Kısa psikotik bozukluk: Şizofrenide görülen belirtiler görülür lakin 1 ay içinde kaybolurlar.
Şizofreniform bozukluk: şizofrenide görülen belirtiler 1 aydan uzun, 6 aydan kısa mühlet devam eder ve kaybolurlar.
Şizoaffektif bozukluk: Şizofrenide görülen sanrı ve varsanı üzere belirtilere ek olarak duygusal çökkünlük ya da mani (aşırı hareketlilik, yorgun hissetmeme, çok ve süratli konuşma vs.) tablosu eşlik eder.

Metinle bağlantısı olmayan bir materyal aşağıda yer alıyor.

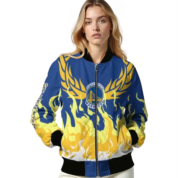 Custom Golden State Warriors Winged Blaze Blue White Bomber Jacket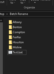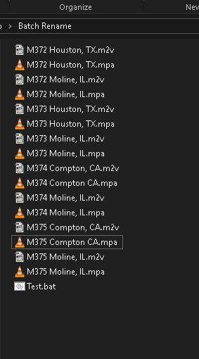 每周,我的一位同事都要翻看一个文件夹,里面有数百的已销毁的视频和音频文件,为特定的城市电视台重新命名,然后根据城市的名称将它们分类。我已经创建了一个.bat文件来为他重命名它们,现在我想创建一个.bat文件,它根据文件名创建新的目录,并将相应的文件放入新的文件夹中。我复制了几个要测试的文件。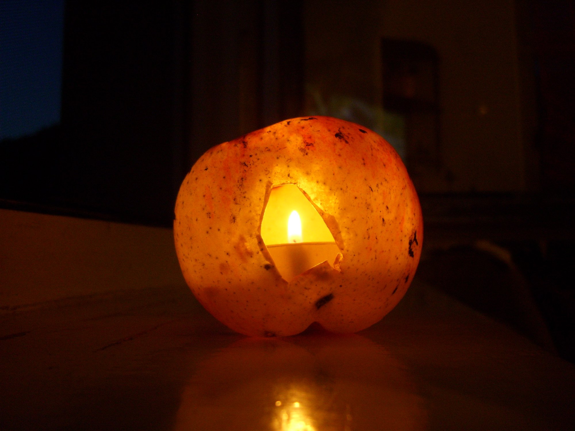 Leider sieht er heute schon nicht mehr so schön aus. Aber als die Schale vorhin etwas angegokelt wurde roch es lecker nach Apfel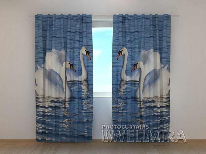 3D Curtain White Swans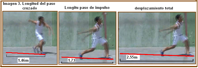 El pie de la pierna izquierda, durante el paso cruzado, se traslada 1.46m, sin embargo el desplazamiento durante el paso de impulso alcanza una longitud de 1.73 m, se considera que el tiempo de duración del mismo se haya prolongado, pues es la fase donde el atleta acumula toda la energía necesaria para producir el contacto con la pelota. La longitud total de los pasos fue de 2.55m.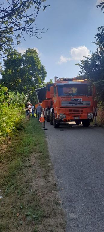 Disavventura per un tir che questo pomeriggio, lunedì 5 agosto, doveva scaricare del materiale in un'azienda di Vezza d'Alba.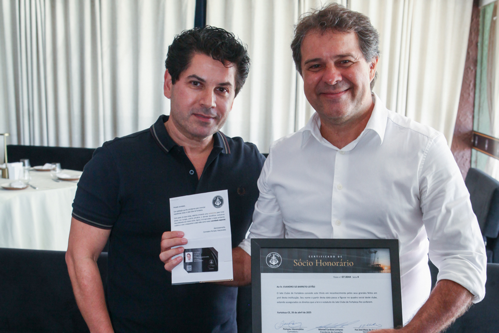 Após participar da inauguração do novo anexo do Palácio da Luz, que agora abriga uma réplica do histórico Café Java, o prefeito de Fortaleza, Evandro Leitão (PT), seguiu para uma recepção especial no Iate Clube de Fortaleza. No encontro, realizado no sábado (26), o gestor foi agraciado com o título de Sócio Honorário da instituição, em reconhecimento à sua contribuição para o fortalecimento da cultura e do turismo na cidade.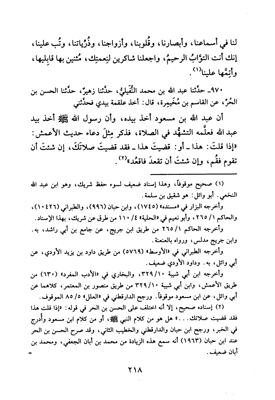 فقد قضيت صلاتك ... " هل هو من كلام النبي - صلى الله عليه وسلم -، أو من كلام ابن مسعود وأُدرج في الخبر، ورجح ابن حبان والدارقطني والخطيب الثاني، وقد صرح الحسن بن الحر عند ابن حبان (١٩٦٣) أنه سمع هذه الزيادة من محمد بن أبان الجعفي، ومحمد بن أبان ضعيف. =

Şizofrenide Tedavi Gayeleri:
Alevlenme periyotlarını önlemek
Alevlenme periyotlarını erken fark edip ayaktan tedavi etmek
Alevlenme devri yatıştıktan sonra hastalığa bağlı yeti yitimini en aza indirmek
Hastanın meselelerle başa çıkma kapasitesini arttırmak
Tedavi
Biyolojik tedaviler: Antipsikotikler, antidepresanlar, antiepileptikler, antikolinerjikler
Destekleyici nitelikte ferdî psikoterapi (bilişsel davranışçı terapi)
Küme tedavileri
Hasta yakınlarına destekleyici terapi
Toplumsal maharet eğitimi
Psikoeğitim
EKT (Elektro Konvülsif Tedavi)
ŞİZOFRENİDE EKT (ELEKTROKONVULSİF TERAPİ/HALK ORTASINDA ELEKTROŞOK DİYE BİLİNİR
Kısa vadeli anestezi altında ve hastane şartlarında uygulandığı vakit, yanlışsız endikasyonla yapılmışsa, çok muteber ve hayat kurtaran bir tedavi metodudur. Toplumda sinema ve televizyonda elde edilen yanlış yargılar nedeniyle acı veren, korkutan, bir azap aleti üzere algılanması çok büyük bir talihsizliktir ve büsbütün yanlış bilgidir.